▶ EXERCISE DATA
================

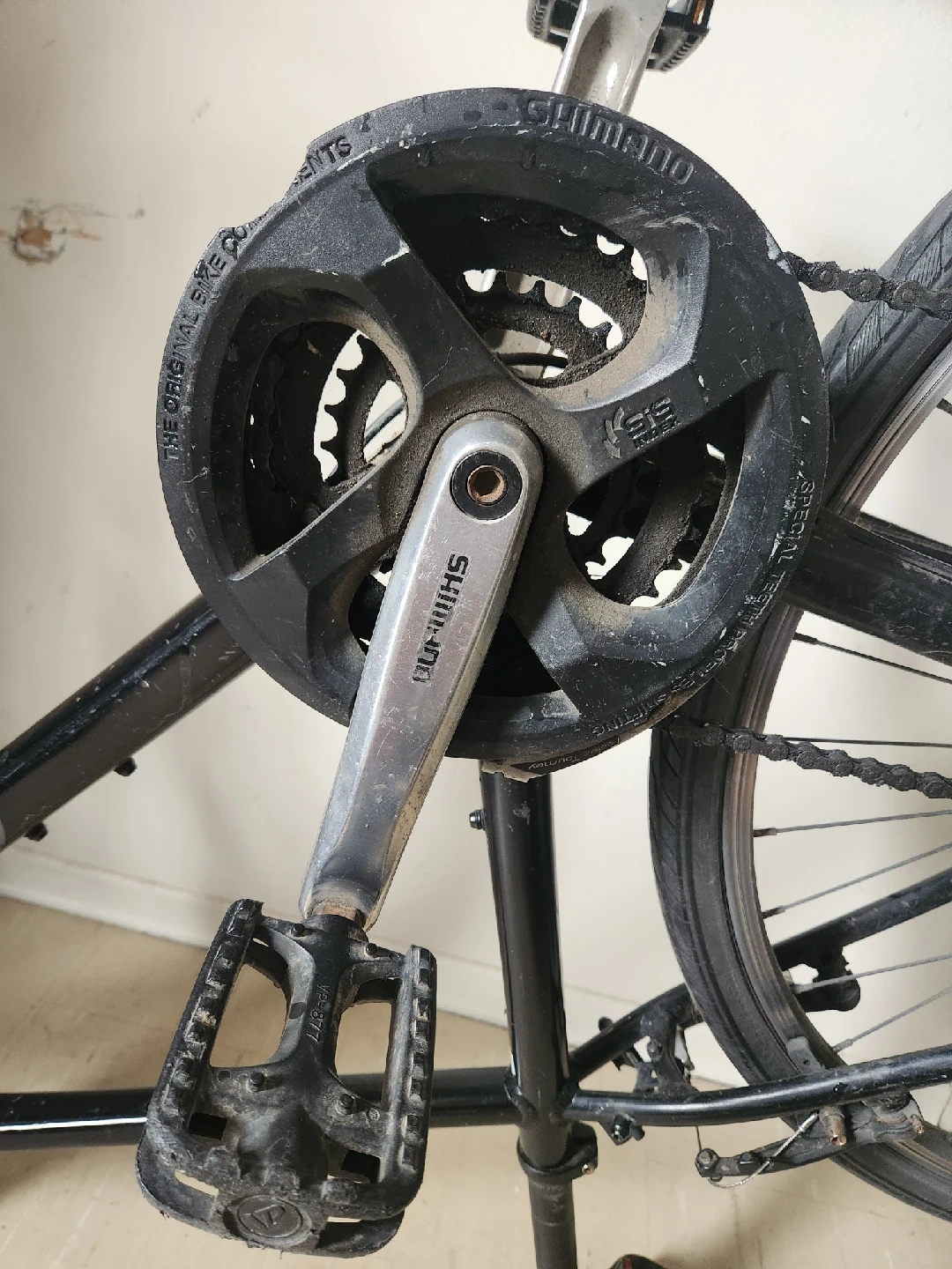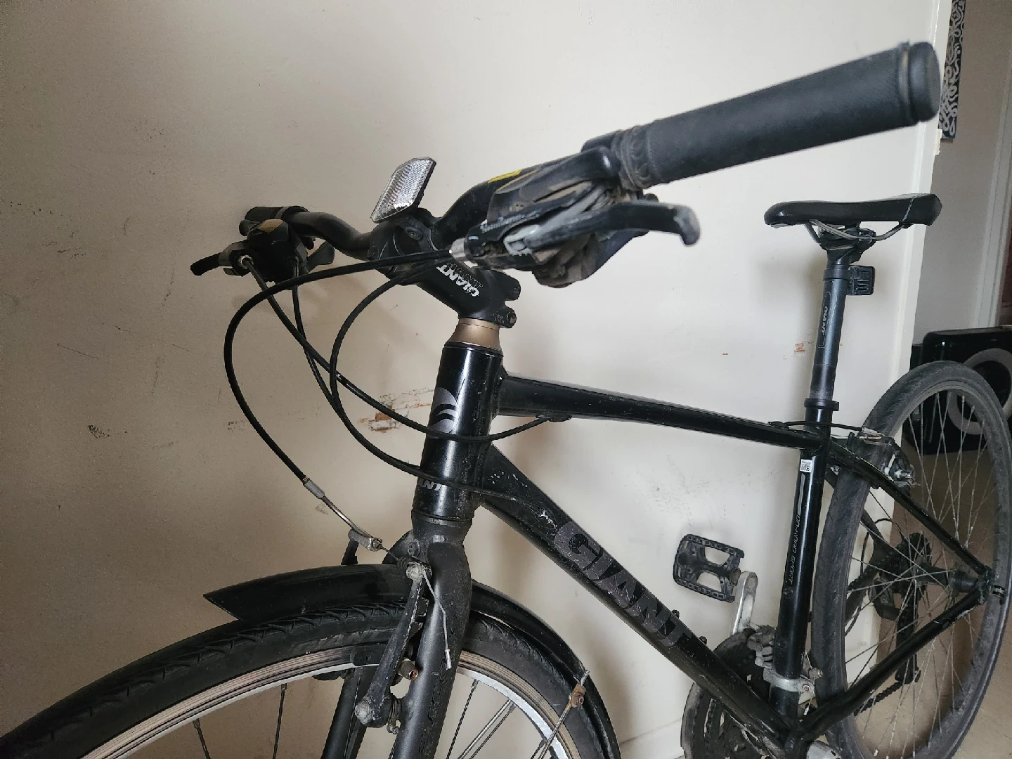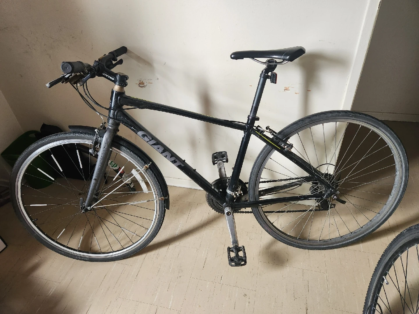 2010-year-old Giant Escape (Small), recently had a fall — rear V‑brake is stuck, one pad rubbing the wheel. Currently unrideable without brake repair. What works: Gears shift normally Frame intact Wheels, tires, seat, handlebars usable Cosmetic / minor damage: Heavy scratches all over (cosmetic) Cracks on chain guard Crack on brake lever housing (lever works fine, but a bit exposed) Ideal for: DIY fixer / project bike Parts / salvage Someone willing to repair brake for a casual commuter ride Price: $80 OBO. Pickup in Greektown. First come, first serve.
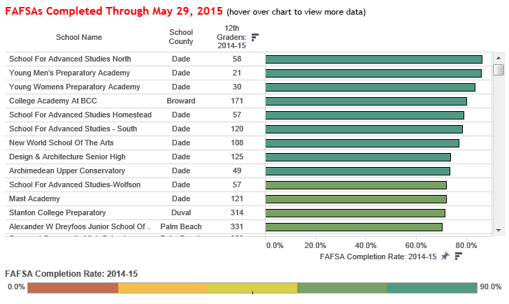Florida CAN’s FAFSA Finish Line data dashboard has been updated to include FAFSA’s completed by high school seniors through May 29, 2015.
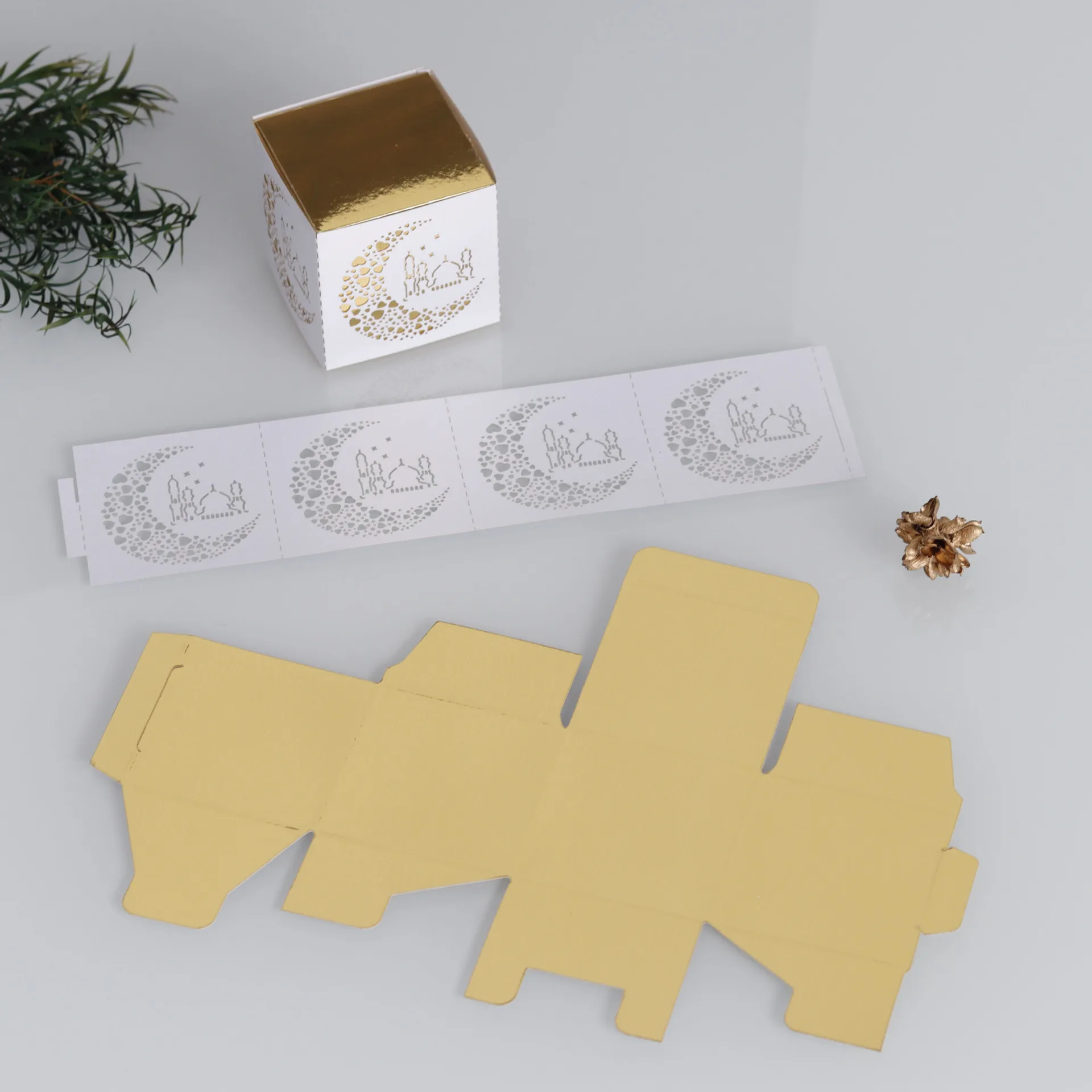 50PCS Eid Mubarak Star Moon Gift Box Candy Chocolate Packaging Box Ramadan Kareem Home Decor 2025 Islamic Muslim Party Supplies
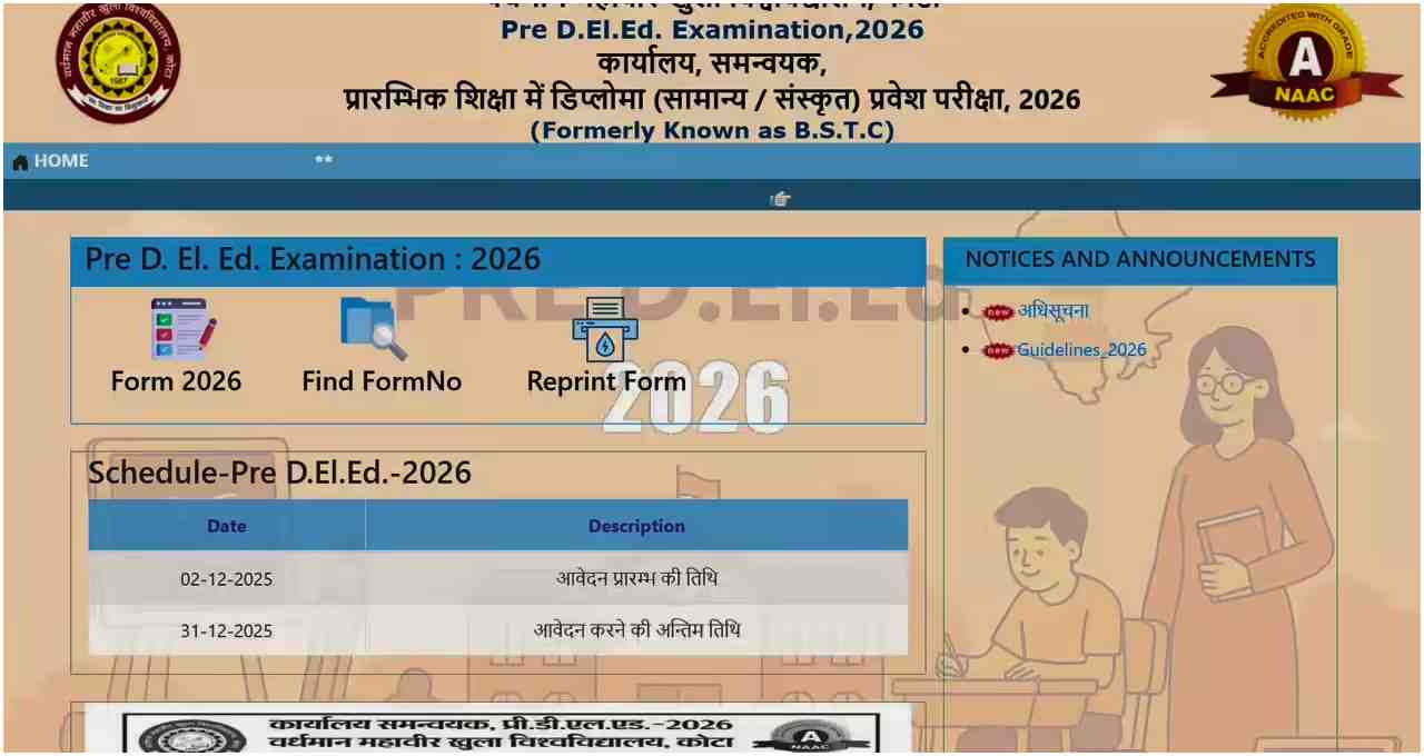 Rajasthan Pre D.El.Ed Registration: राजस्थान प्री डीएलएड 2026 के लिए आवेदन प्रक्रिया अब शुरू हो गई है। इच्छुक उम्मीदवार वर्धमान महावीर ओपन यूनिवर्सिटी (VMOU) की आधिकारिक वेबसाइट predeledraj2026.com पर जाकर ऑनलाइन आवेदन फॉर्म भर सकते हैं। इस कोर्स के जरिए राज्य में क्लास 1 से 5 के लिए शिक्षक बनने का डिप्लोमा हासिल किया जा सकेगा। आवेदन की अंतिम तिथि 31 दिसंबर 2025 है। उम्मीदवारों को योग्यता, आयु सीमा और फीस संबंधी सभी विवरण भरने से पहले ध्यानपूर्वक पढ़ने की सलाह दी जाती है।
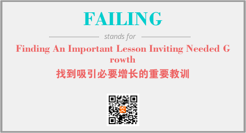 上述内容是“Finding An Important Lesson Inviting Needed Growth”作为“FAILING”的缩写,解释为“找到吸引必要增长的重要教训”时的信息,以及英文缩略词FAILING所代表的英文单词,其对应的中文拼音、详细解释以及在英文中的流行度和相关分类、应用领域及应用示例等。
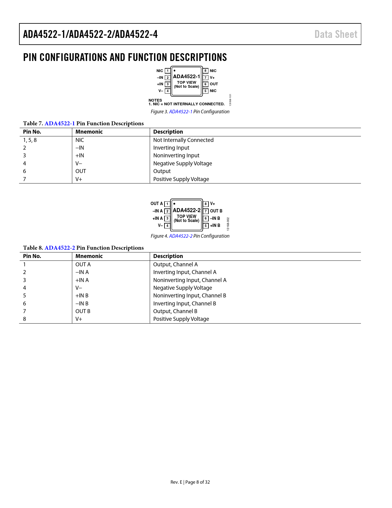 ADA4522-1/ADA4522-2/ADA4522-4. Data Sheet. PIN CONFIGURATIONS AND FUNCTION DESCRIPTIONS. NIC. –IN. ADA4522-1 7 V+. +IN. TOP VIEW. OUT
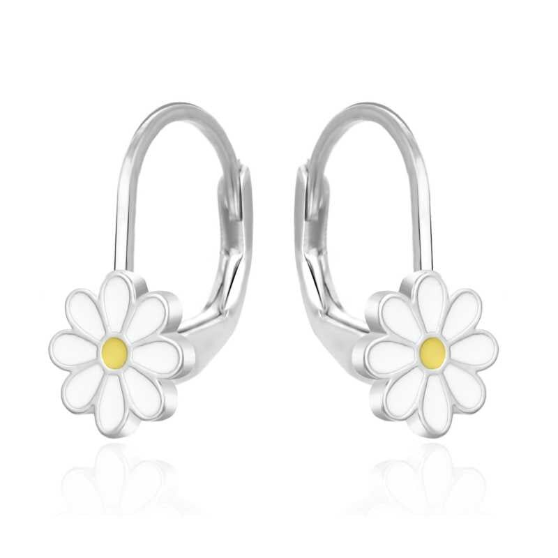 Stříbrné dívčí náušnice Bílá květina AGT-ED018L Agato
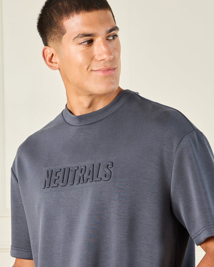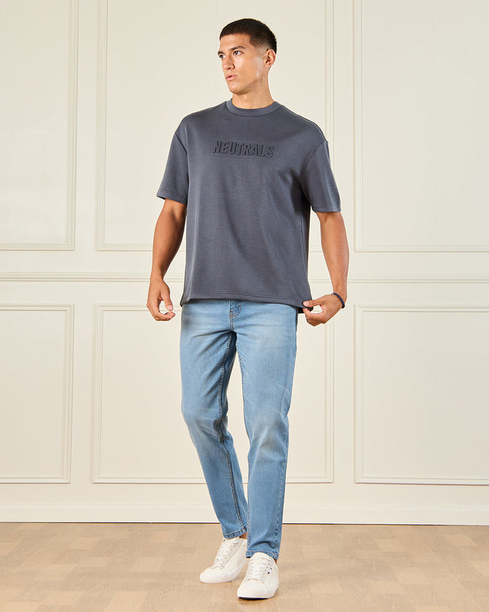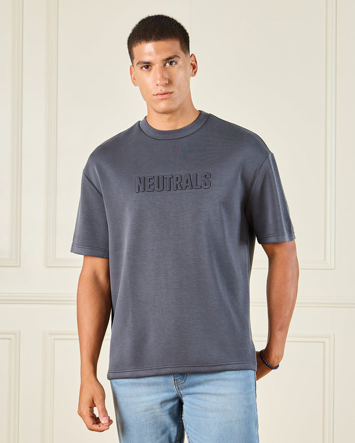 تيشيرت برقبة دائرية باللون الرمادي الداكن للرجال

================

▶ PROBLEM DETAILS
Lines from the one containing "An Important Lesson" through the end of the entries above, both included, are to be written out exactly; no pictures and no other lines.

▶ WRITTEN RESPONSE
 上述内容是“Finding An Important Lesson Inviting Needed Growth”作为“FAILING”的缩写,解释为“找到吸引必要增长的重要教训”时的信息,以及英文缩略词FAILING所代表的英文单词,其对应的中文拼音、详细解释以及在英文中的流行度和相关分类、应用领域及应用示例等。
 ADA4522-1/ADA4522-2/ADA4522-4. Data Sheet. PIN CONFIGURATIONS AND FUNCTION DESCRIPTIONS. NIC. –IN. ADA4522-1 7 V+. +IN. TOP VIEW. OUT
 Stříbrné dívčí náušnice Bílá květina AGT-ED018L Agato
 تيشيرت برقبة دائرية باللون الرمادي الداكن للرجال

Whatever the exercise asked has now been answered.